Put The Service Back In SaaS

As developers increasingly turn toward offering Software-as-a-Service, Talmetrix continues to deliver service with its software.

Chris Powell’s professional existence is fraught with inherent friction. The career HR executive-turned-talent management software company CEO faces a daily struggle to codify the employee engagement, talent analysis, and retention nuance that’s so deeply entrenched in his brain. Jason Ruebel, chief strategy officer at Powell’s talent analytics firm Talmetrix, says the company struggles mightily to “productize” Chris.

Talmetrix develops and sells a survey platform designed to capture feedback from its clients’ employees (feelings), then combine that feedback with employee talent and organizational data (facts) drawn from multiple sources, resulting in a comprehensive talent insights database engineered to guide HR decision making.
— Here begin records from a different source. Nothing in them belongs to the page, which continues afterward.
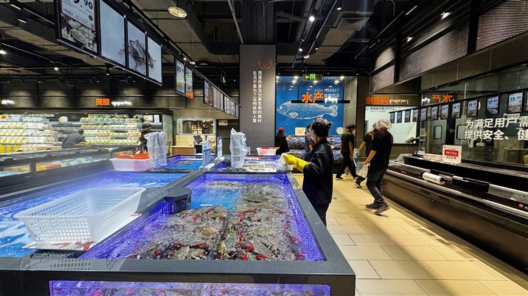 肉禽區(qū)在保留原有優(yōu)質(zhì)商品基礎(chǔ)上,新增黑豬系列冷鮮肉、品牌冷鮮進(jìn)口牛肉、原切牛排等高品質(zhì)商品,同時(shí)引入藏香豬冷鮮肉、牦牛肉、本地藏雞蛋等特色商品。海鮮區(qū)域在保留本地淡水魚的基礎(chǔ)上,加大明蝦、鮑魚、扇貝等大海鮮的占比,同時(shí)帝王蟹、波龍、面包蟹、珍寶蟹組成“進(jìn)口四大金剛”,滿足顧客對高端海鮮的需求。針對季節(jié)需求,還推出優(yōu)質(zhì)大閘蟹等時(shí)令商品,滿足消費(fèi)者對優(yōu)質(zhì)蛋白的需求。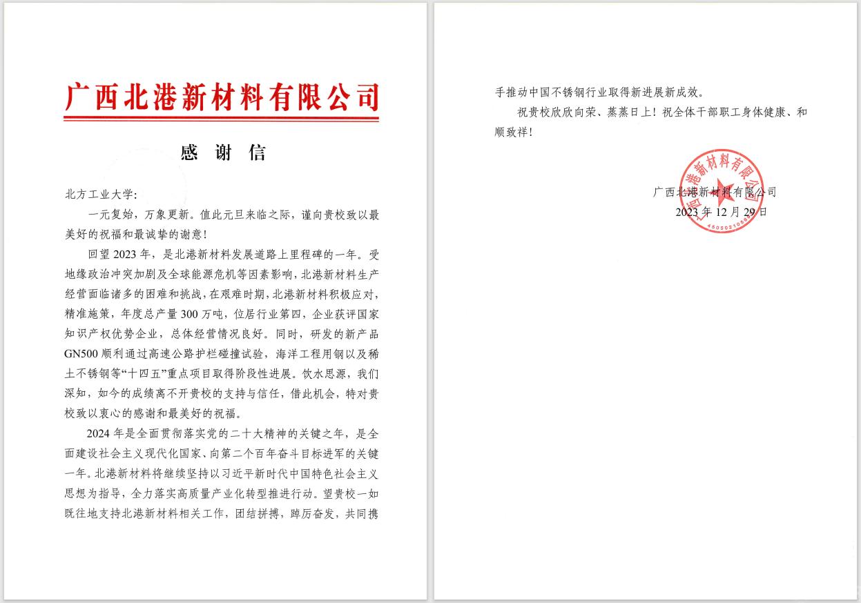 12月29日,伟德官网收到广西北港新材料有限公司发来的感谢信,感谢张立峰校长团队对北港新材料相关工作的支持与帮助。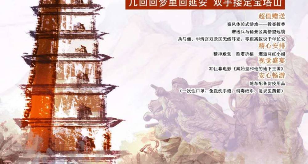 推荐自费 | 1.《驼铃传奇》会跑的大型实景演艺(自理 298-398 元,演出约 70 分钟) 2.《秦俑情》/【复活的军团】,兵马俑大型史诗历史题材剧(自理 298-358 元,演出约 70 钟) 3.《延安保育院》(门票 238 元,自愿自费)或《红秀·延安》(门票198 元,自愿自费) |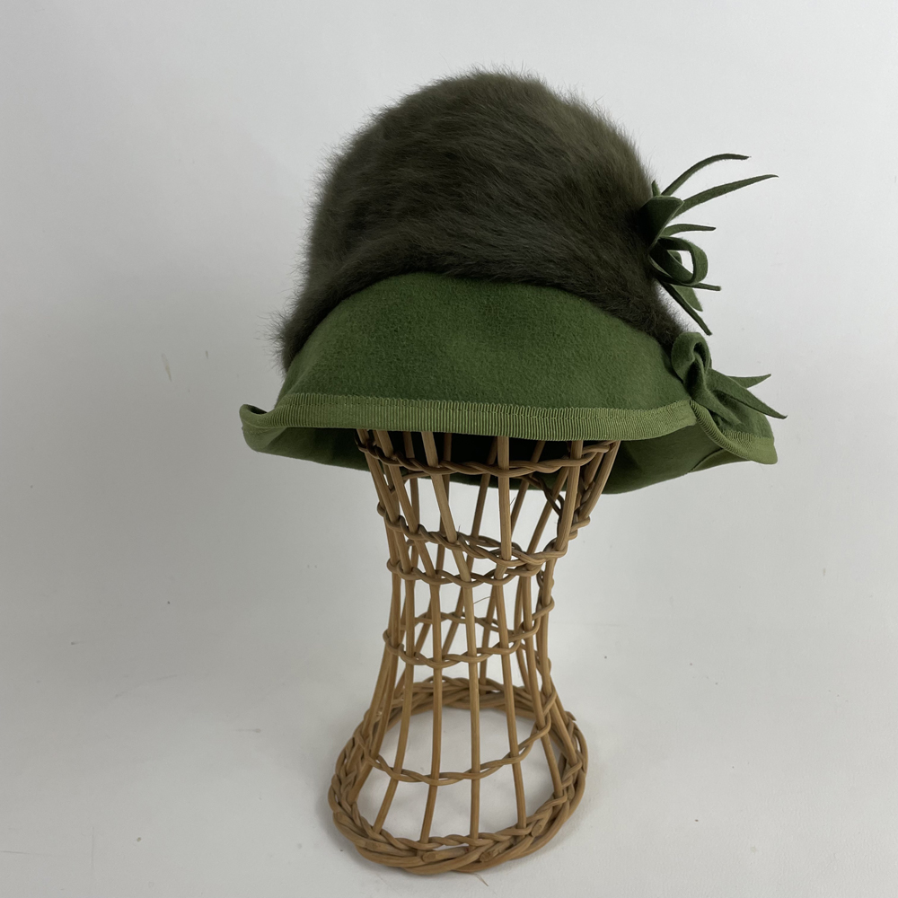 Chapeau en angora kaki et feutre taupé (lapin finition velours) vert amande, garni d’un gros grain en coton coordonné et de boucles de feutre.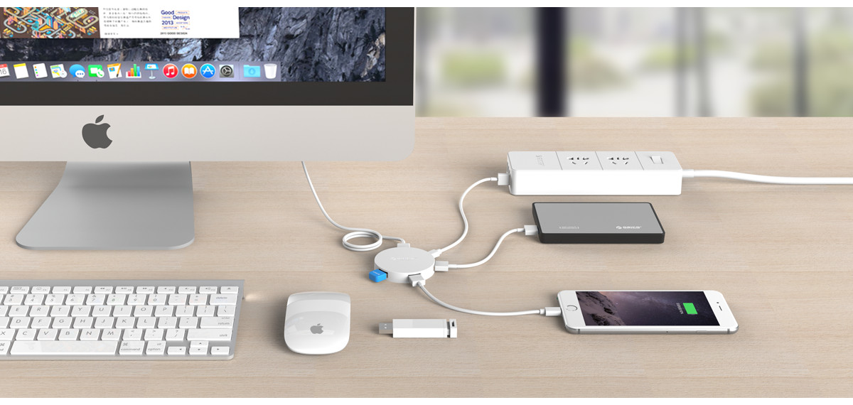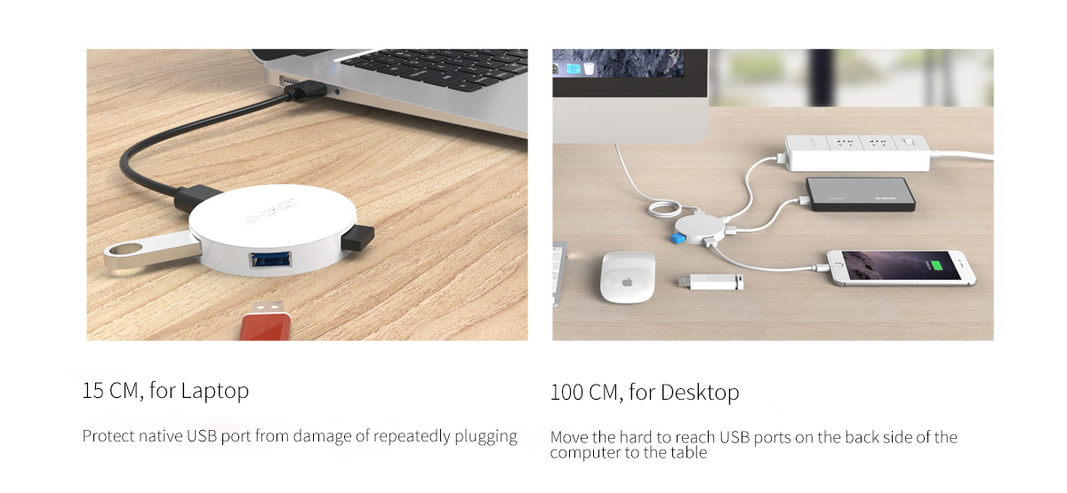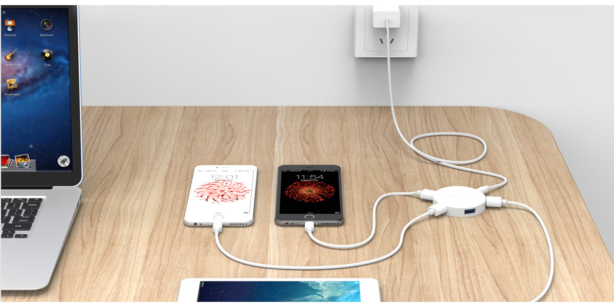 4 Port USB3.0 Circular HUB with 2 Data Cables
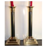 | Pair of Brass Column Style Candlesticks by Valsan Made in Portugal - Each Measures 10" Tall |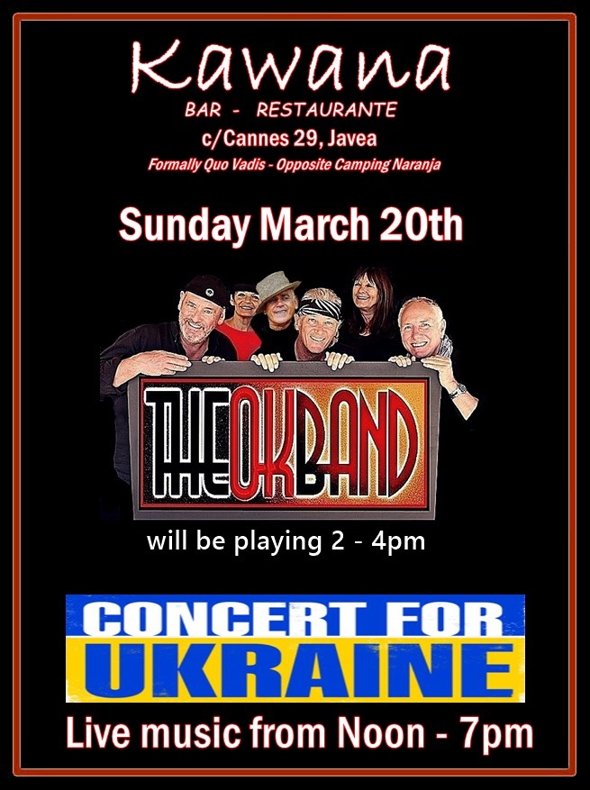 Am Sonntag, 20. März 2022, findet im Restaurant Kawana in Javea (ex Quo Vadis) ein musikalischer Nachmittag statt, dessen Erlös für die Ukraine und ihre Opfer gedacht ist. Von 12.00 Uhr bis 19.00 Uhr treten verschiedene Musiker auf.
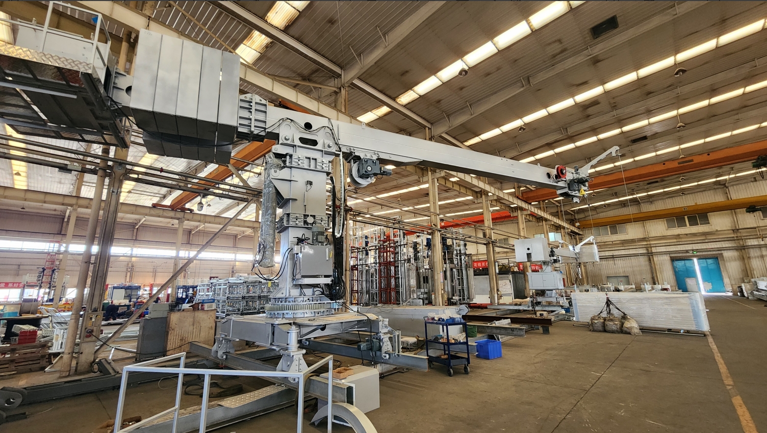 擦窗機(jī)設(shè)備設(shè)計(jì)過程中,設(shè)計(jì)團(tuán)隊(duì)克服擦窗機(jī)設(shè)備軌道間距偏小、玻璃吊鉤額定載荷要求偏大(額定荷載:999Kg)的難題,精心設(shè)計(jì)、詳細(xì)計(jì)算,圓滿完成設(shè)計(jì)任務(wù),得到了GMP設(shè)計(jì)院及業(yè)主的好評。目前擦窗機(jī)設(shè)備已經(jīng)生產(chǎn)完畢,完成整機(jī)調(diào)試及荷載測試,該項(xiàng)目現(xiàn)場安裝調(diào)試完成后,凱博擦窗匠心打造的擦窗機(jī)設(shè)備將矗立在雄安新區(qū)的天際線。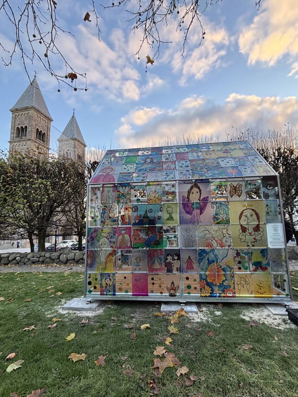 Glasportalen på Margretheplænen samler børn og unges håbefulde tegninger fra hele verden i en unik engleportal – skabt i Viborg gennem internationalt og lokalt samarbejde.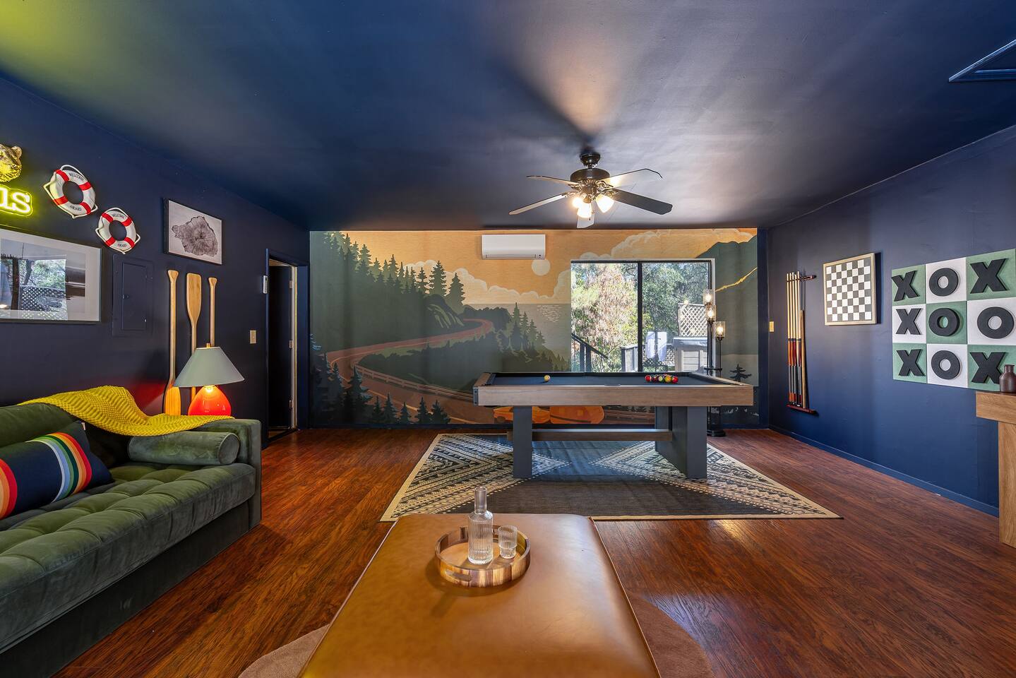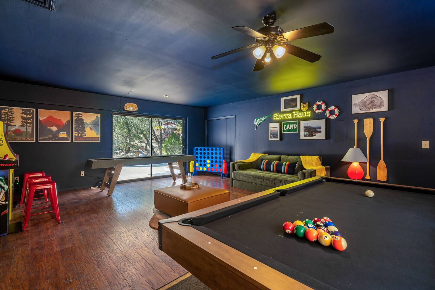 This home is nestled in the peaceful hills near Sequoia National Park, surrounded by towering oak and pine trees. The area is known for its scenic hiking trails, wildlife viewing, and tranquil forest atmosphere — the perfect spot to unwind and reconnect with nature. Guests staying at this stylish mountain retreat have exclusive access to all interior and exterior spaces, including the spacious living and dining areas, two full bathrooms, and a fully equipped kitchen. Step out onto the balcony to enjoy a friendly game of cornhole or simply take in the serene forest views. Inside, you’ll find plenty of ways to relax and play — from the pool table and arcade games to the Smart TV and cozy seating areas. Dedicated workspaces in the bedrooms make it easy to stay productive while enjoying your getaway. Guests also have access to free on-site parking for up to 5 vehicles and self check-in via a secure smart lock. Check-in instructions and the access code will be sent prior to your arrival.
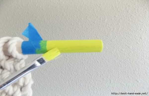 Закончив работу, отпарьте сову. Покрасьте палочки при желании, смещая сову в сторону. Подрежьте параллельно хвосту нити под углом.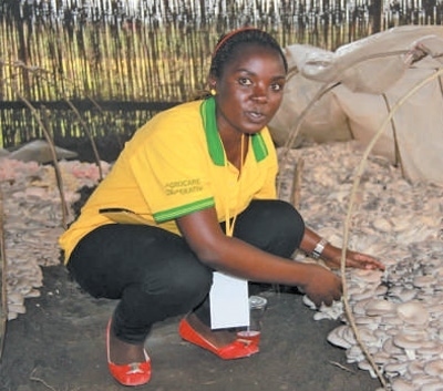 盧旺達國立大學的學生姍臺在菇棚中采收平菇。 中國國家菌草工程技術(shù)研究中心供圖

On the back end, Talmetrix’ reporting helps its clients identify employment- related business trends, understand correlations, and predict retention, employee engagement, and customer satisfaction.

Because it’s predicated on the marriage of feelings and facts, talent management — and more broadly, HR management — isn’t a binary science. That’s reflected in the current state of the HR software market, which MarketsandMarkets projects will hit $9.9 billion by 2022 on CAGR of 8.8 percent. Back in the spring of 2017, software engineer and blogger Will Saborio mapped no fewer than 200 software companies in HR, a list that didn’t even include the many dozens of workforce management and timekeeping software apps on the periphery of the market. The multifaceted state of the HR software landscape is a reflection of the difficulty in coding a universal talent management solution.

Powell, who spent his career as an HR practitioner before endeavoring to reinvent Talmetrix, admits he entered the software space wearing rose-colored glasses. “When I came on board in 2014, I didn’t know what I didn’t know about software,” says Powell. “I naively believed that we could do anything we wanted to do with it.” He quickly learned that his 20 years of HR experience could not be codified and delivered as a service. That realization has fueled Powell’s drive to balance his software company on a tightrope, poised on one side by the efficiencies of SaaS automation and on the other by an analytics-intensive services business that’s driving close to 20 percent of the company’s annual revenue.

To the greater SaaS community, the services side of the business presents incredible risk. To the outsider looking in, the consequences of losing balance when services revenues creep north of 10 percent are dire. To the Talmetrix C-suite, however, those concerns are, for the most part, unfounded.